Task prompt |
Please repeat exactly the lines below from the line with "кофемашина, сейф, система" to the line with "Das Setup. Große", including both, and leave out every picture.

══ Task inputs

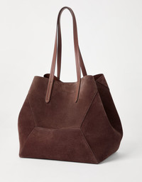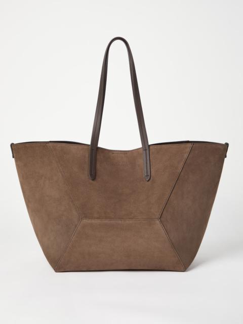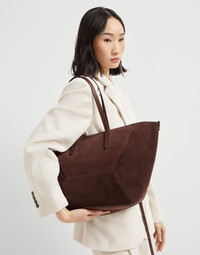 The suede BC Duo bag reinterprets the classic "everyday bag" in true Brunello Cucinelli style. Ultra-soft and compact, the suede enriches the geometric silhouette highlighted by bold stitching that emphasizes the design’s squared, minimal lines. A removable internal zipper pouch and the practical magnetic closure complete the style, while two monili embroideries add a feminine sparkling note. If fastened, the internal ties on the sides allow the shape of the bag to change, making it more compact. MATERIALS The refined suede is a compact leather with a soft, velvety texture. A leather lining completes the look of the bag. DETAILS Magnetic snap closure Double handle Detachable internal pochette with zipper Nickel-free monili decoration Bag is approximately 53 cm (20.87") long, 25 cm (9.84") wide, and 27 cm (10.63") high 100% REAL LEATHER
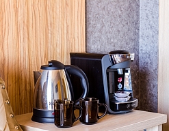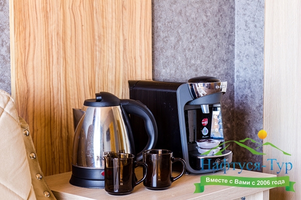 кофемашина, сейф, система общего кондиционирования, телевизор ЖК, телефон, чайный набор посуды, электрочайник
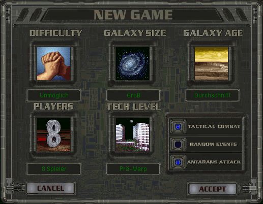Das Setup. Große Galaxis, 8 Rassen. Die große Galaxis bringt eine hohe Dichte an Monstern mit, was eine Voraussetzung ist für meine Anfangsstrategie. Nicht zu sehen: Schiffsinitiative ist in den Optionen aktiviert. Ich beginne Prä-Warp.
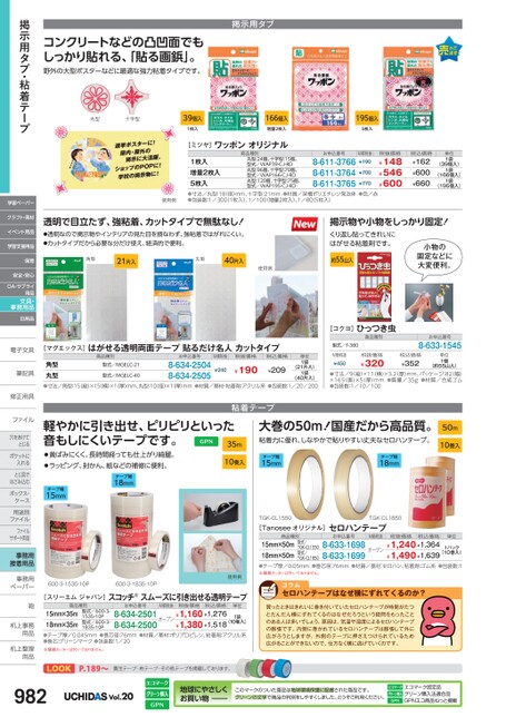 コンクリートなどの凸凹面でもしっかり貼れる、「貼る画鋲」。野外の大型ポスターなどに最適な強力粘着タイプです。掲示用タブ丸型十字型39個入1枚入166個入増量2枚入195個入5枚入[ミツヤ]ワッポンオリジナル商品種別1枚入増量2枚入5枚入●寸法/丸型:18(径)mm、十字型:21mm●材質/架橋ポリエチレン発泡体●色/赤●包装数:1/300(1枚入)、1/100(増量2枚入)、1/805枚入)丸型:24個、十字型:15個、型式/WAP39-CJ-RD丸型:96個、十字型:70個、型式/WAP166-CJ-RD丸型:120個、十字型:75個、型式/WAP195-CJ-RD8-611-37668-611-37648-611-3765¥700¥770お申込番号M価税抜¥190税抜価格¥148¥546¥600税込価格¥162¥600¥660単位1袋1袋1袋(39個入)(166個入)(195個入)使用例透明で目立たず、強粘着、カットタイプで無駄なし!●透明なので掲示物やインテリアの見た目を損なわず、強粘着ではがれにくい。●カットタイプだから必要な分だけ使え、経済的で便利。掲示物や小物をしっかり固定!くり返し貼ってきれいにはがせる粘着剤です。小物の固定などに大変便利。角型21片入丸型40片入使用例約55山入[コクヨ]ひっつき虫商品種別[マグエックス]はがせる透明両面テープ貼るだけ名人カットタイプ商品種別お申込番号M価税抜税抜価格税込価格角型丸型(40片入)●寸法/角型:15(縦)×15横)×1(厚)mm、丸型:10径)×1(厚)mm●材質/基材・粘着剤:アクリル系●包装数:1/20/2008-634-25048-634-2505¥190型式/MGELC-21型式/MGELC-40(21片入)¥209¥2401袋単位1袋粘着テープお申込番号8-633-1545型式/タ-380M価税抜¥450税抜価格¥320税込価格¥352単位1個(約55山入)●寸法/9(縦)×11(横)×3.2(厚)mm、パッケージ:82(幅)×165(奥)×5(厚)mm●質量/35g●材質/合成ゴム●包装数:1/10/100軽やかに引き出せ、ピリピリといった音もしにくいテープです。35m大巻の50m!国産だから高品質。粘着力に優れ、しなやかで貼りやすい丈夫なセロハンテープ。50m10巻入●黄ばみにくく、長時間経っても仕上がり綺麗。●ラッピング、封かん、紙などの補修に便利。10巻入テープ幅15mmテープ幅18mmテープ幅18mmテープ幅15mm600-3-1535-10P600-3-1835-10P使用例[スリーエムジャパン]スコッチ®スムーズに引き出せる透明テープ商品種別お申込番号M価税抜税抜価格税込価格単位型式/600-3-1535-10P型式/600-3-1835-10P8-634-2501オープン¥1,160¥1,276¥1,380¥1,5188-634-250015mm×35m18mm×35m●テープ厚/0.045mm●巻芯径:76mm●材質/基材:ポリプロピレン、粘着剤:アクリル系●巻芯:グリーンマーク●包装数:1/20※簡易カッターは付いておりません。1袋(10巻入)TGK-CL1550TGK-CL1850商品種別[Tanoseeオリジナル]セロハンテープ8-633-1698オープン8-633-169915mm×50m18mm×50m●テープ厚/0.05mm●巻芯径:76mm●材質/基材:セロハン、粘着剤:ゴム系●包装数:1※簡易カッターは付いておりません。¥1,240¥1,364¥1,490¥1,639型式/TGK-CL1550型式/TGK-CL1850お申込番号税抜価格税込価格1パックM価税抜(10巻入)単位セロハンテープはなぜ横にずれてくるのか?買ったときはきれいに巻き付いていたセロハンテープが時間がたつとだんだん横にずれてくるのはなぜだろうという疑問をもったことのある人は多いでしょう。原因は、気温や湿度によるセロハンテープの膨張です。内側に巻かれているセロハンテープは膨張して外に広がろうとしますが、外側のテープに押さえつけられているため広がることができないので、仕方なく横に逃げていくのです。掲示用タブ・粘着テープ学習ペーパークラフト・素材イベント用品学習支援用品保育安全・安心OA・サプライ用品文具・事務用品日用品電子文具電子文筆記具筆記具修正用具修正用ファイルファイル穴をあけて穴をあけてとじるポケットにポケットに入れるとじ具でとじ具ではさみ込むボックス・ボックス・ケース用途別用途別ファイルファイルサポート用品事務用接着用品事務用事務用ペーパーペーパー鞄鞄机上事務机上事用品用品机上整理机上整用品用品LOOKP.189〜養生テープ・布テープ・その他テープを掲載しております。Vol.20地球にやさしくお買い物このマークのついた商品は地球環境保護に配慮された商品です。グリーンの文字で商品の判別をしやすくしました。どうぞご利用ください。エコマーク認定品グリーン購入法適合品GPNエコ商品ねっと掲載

════
══ Task inputs

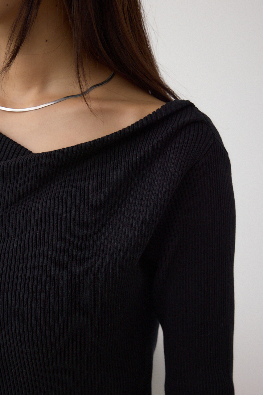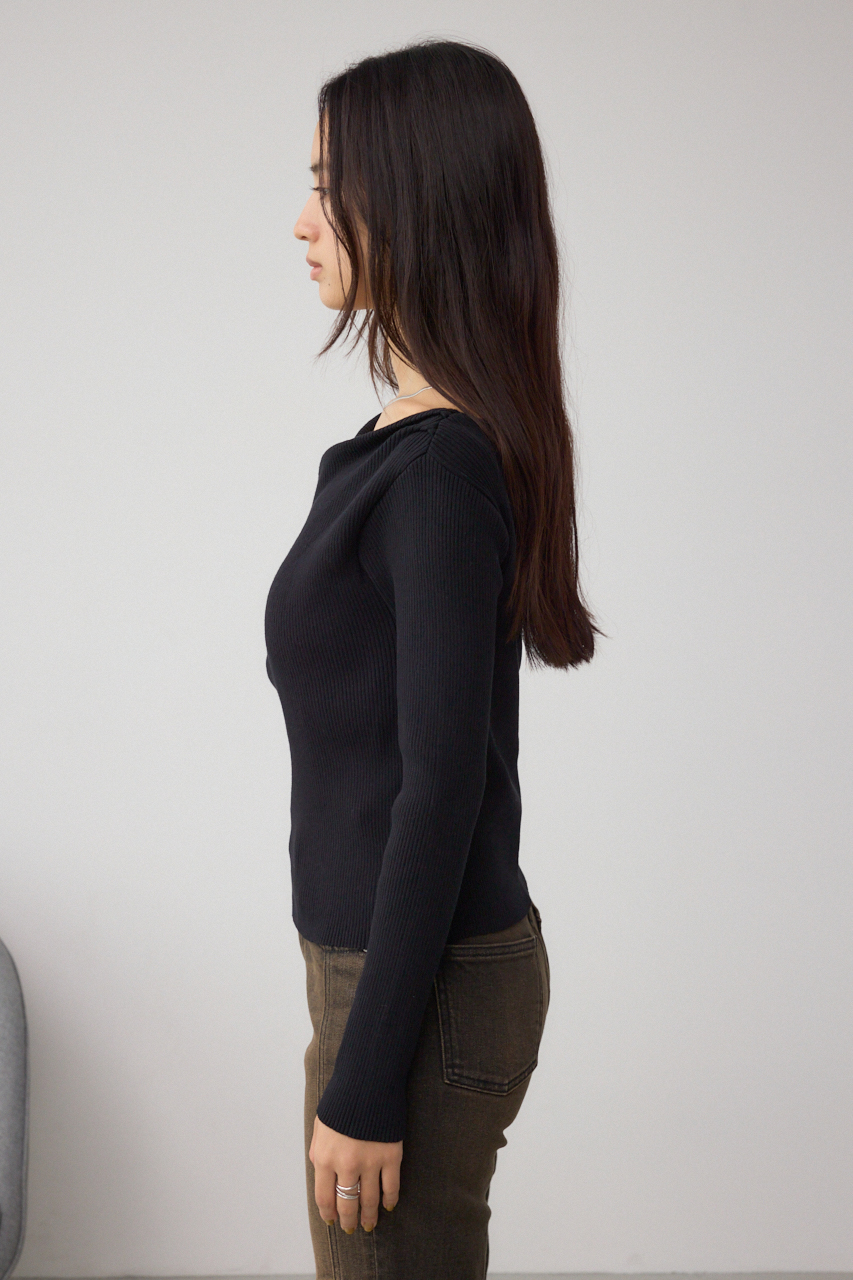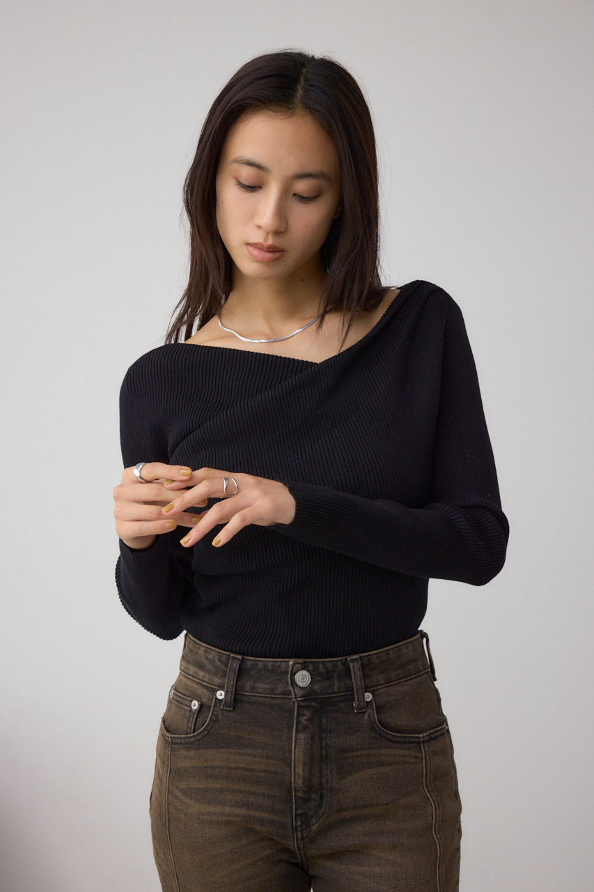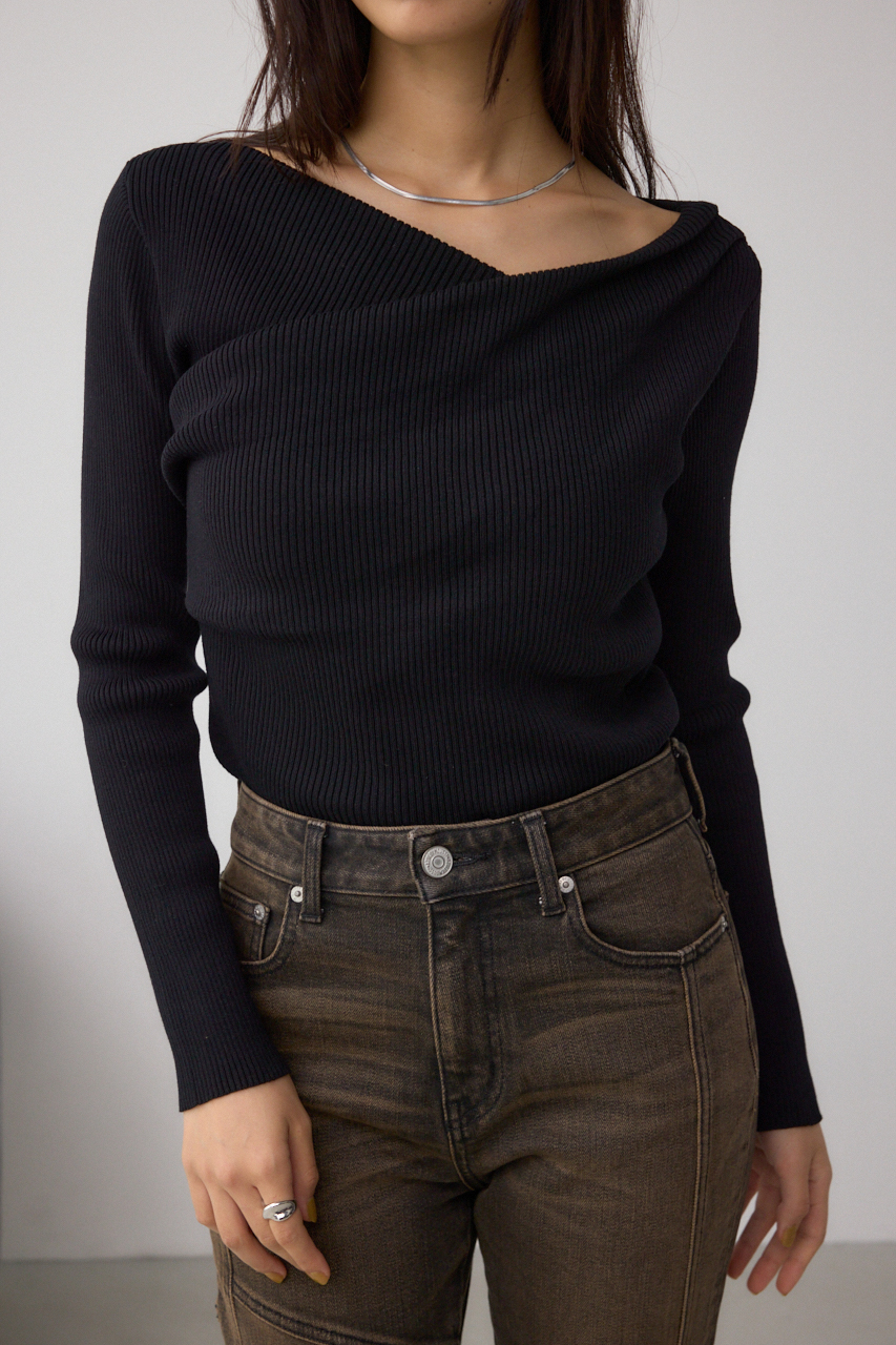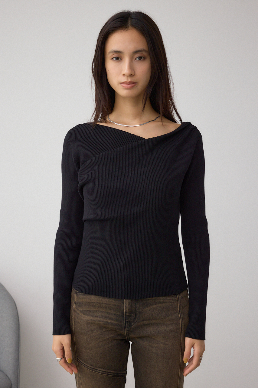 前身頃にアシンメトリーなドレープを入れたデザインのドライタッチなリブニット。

════

Task answer |
 кофемашина, сейф, система общего кондиционирования, телевизор ЖК, телефон, чайный набор посуды, электрочайник
Das Setup. Große Galaxis, 8 Rassen. Die große Galaxis bringt eine hohe Dichte an Monstern mit, was eine Voraussetzung ist für meine Anfangsstrategie. Nicht zu sehen: Schiffsinitiative ist in den Optionen aktiviert. Ich beginne Prä-Warp.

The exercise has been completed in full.